What this task involves. Find the line with "polyester dolní díl" in the entries below, then reproduce it and every line after it down to and including the line with "BẢNG THÔNG SỐ KỸ THUẬT GỐI ĐỠ INOX SUCFB", exactly.

──────── Material shown

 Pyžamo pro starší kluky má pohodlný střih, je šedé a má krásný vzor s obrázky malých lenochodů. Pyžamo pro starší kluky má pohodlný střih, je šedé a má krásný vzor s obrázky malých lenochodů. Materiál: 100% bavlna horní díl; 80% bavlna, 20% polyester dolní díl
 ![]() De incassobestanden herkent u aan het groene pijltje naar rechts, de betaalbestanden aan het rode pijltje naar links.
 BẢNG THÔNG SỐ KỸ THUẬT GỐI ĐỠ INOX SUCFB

────────────────
──────── Material shown

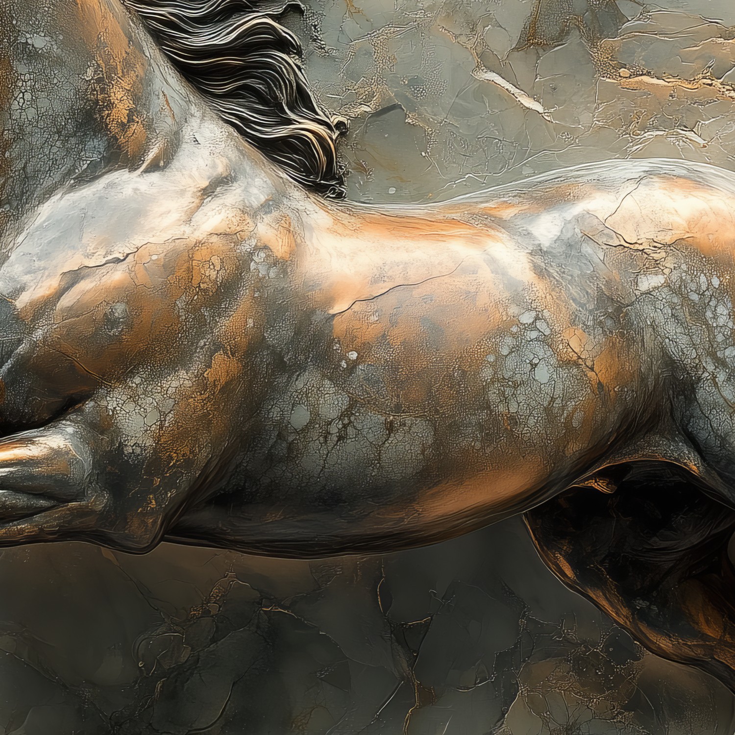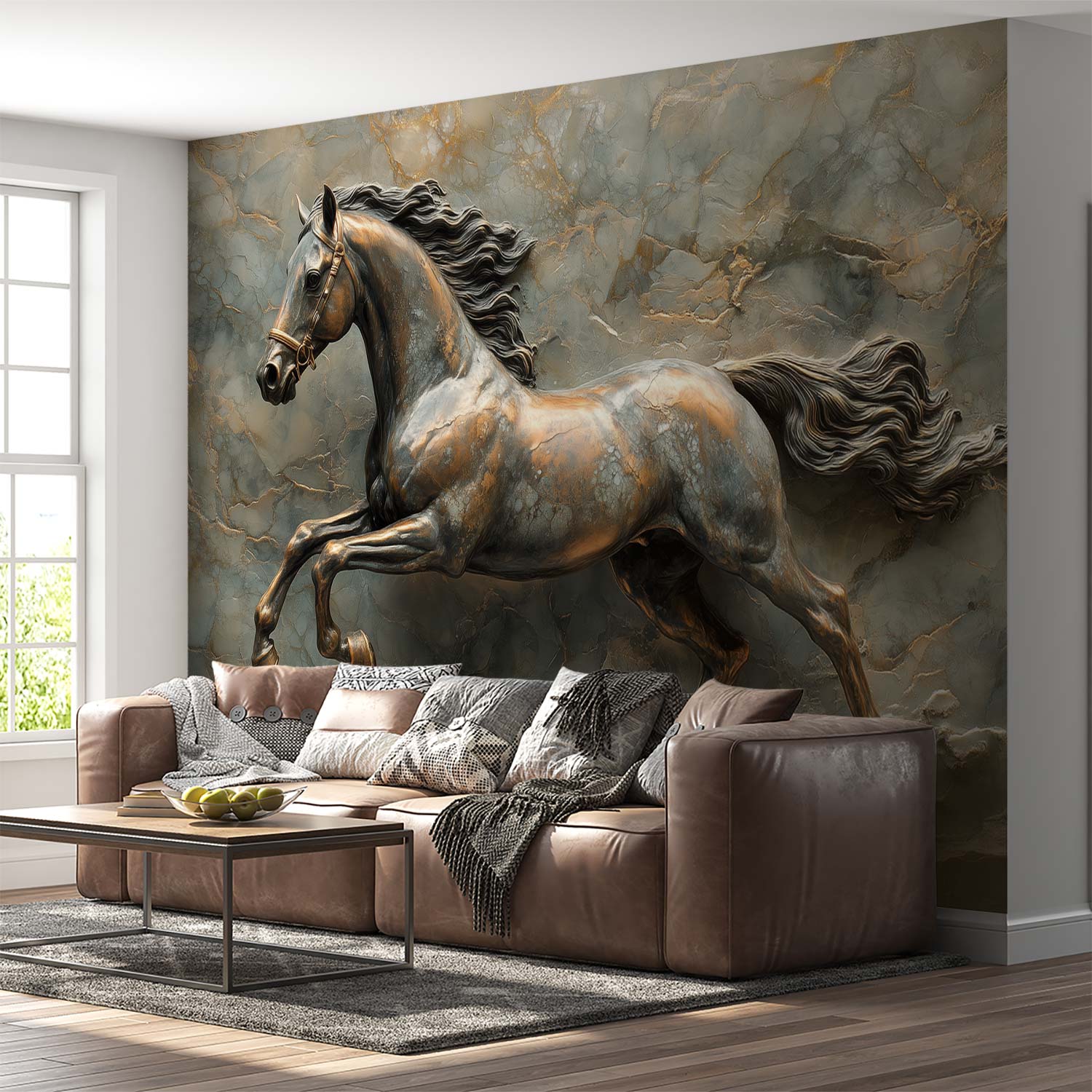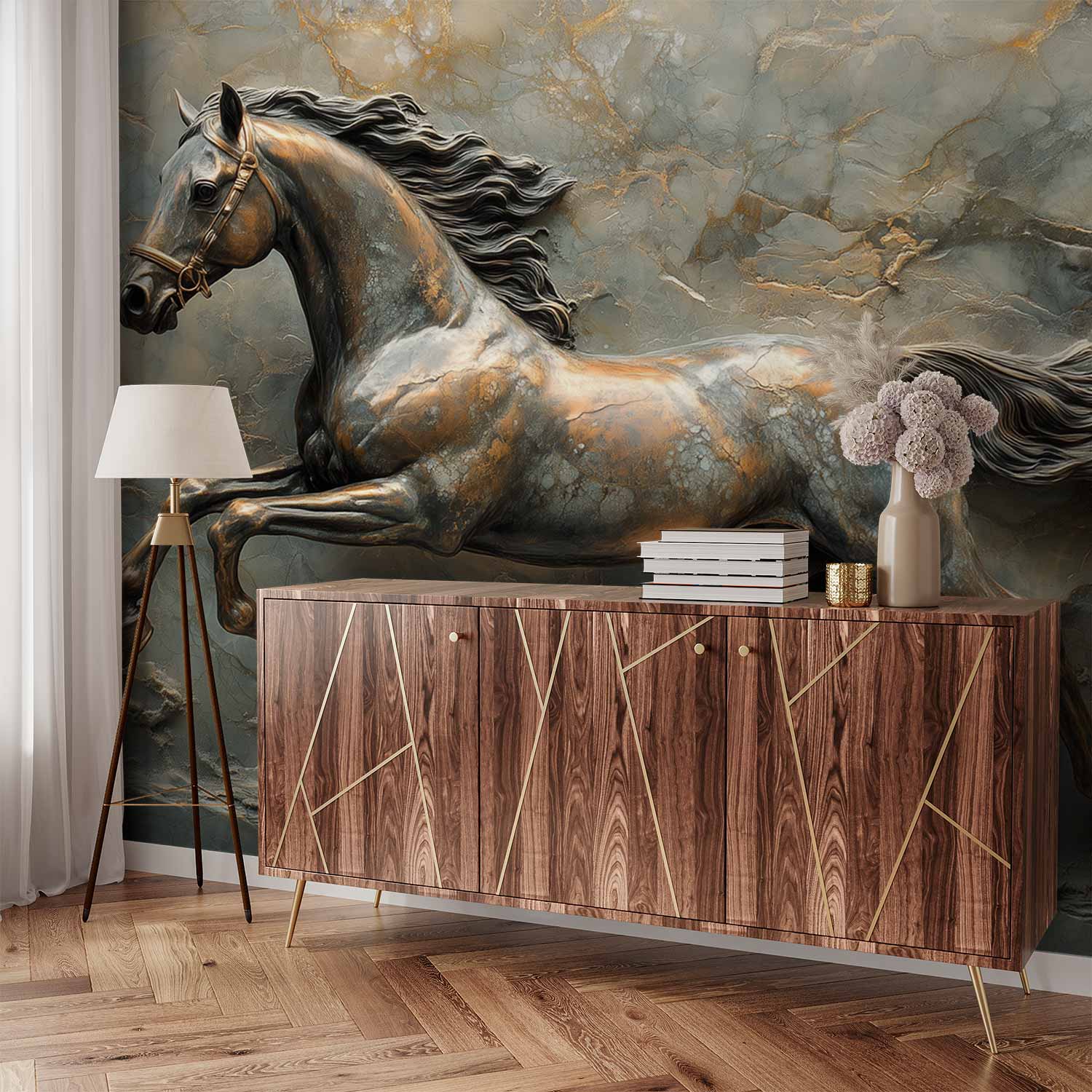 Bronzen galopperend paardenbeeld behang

────────────────

Expected output.
 Pyžamo pro starší kluky má pohodlný střih, je šedé a má krásný vzor s obrázky malých lenochodů. Pyžamo pro starší kluky má pohodlný střih, je šedé a má krásný vzor s obrázky malých lenochodů. Materiál: 100% bavlna horní díl; 80% bavlna, 20% polyester dolní díl
 ![]() De incassobestanden herkent u aan het groene pijltje naar rechts, de betaalbestanden aan het rode pijltje naar links.
 BẢNG THÔNG SỐ KỸ THUẬT GỐI ĐỠ INOX SUCFB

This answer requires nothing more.